## RECORDS TO USE

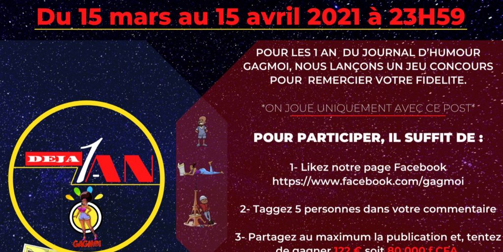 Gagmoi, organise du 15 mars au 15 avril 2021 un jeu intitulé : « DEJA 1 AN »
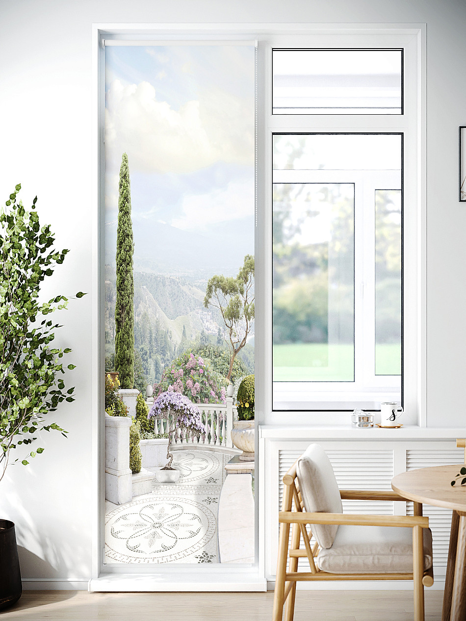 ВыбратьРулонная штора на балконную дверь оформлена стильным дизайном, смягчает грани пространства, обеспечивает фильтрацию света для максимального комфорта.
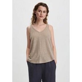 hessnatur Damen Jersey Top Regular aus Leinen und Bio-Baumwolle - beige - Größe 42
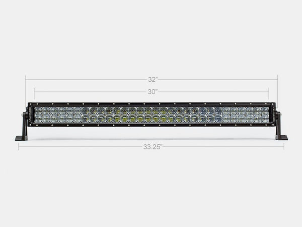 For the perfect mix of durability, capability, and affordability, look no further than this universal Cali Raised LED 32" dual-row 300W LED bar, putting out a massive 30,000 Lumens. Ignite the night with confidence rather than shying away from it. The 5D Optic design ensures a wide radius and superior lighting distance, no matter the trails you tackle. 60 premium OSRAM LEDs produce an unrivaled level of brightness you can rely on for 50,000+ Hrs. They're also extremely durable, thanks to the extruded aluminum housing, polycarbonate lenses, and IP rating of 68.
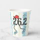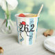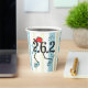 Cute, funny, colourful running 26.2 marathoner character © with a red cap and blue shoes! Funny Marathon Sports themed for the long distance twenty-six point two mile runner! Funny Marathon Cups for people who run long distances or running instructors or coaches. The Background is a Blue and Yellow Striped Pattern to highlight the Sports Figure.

--

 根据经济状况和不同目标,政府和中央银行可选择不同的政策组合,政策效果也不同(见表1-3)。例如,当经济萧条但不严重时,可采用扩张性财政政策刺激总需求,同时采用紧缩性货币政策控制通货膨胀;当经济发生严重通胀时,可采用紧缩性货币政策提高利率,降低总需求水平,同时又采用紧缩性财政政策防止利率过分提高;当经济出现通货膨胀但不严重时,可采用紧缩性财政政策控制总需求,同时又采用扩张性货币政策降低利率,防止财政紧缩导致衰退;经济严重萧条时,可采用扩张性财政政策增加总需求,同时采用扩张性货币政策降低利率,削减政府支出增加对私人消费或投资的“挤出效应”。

## WHAT YOU SHOULD DO
Given the records above, return the lines starting at the one that holds "Gagmoi, organise du" and ending at the one that holds "hessnatur Damen Jersey", exactly, and nothing besides; leave every picture out.

## ANSWER SECTION
 Gagmoi, organise du 15 mars au 15 avril 2021 un jeu intitulé : « DEJA 1 AN »
 ВыбратьРулонная штора на балконную дверь оформлена стильным дизайном, смягчает грани пространства, обеспечивает фильтрацию света для максимального комфорта.
 hessnatur Damen Jersey Top Regular aus Leinen und Bio-Baumwolle - beige - Größe 42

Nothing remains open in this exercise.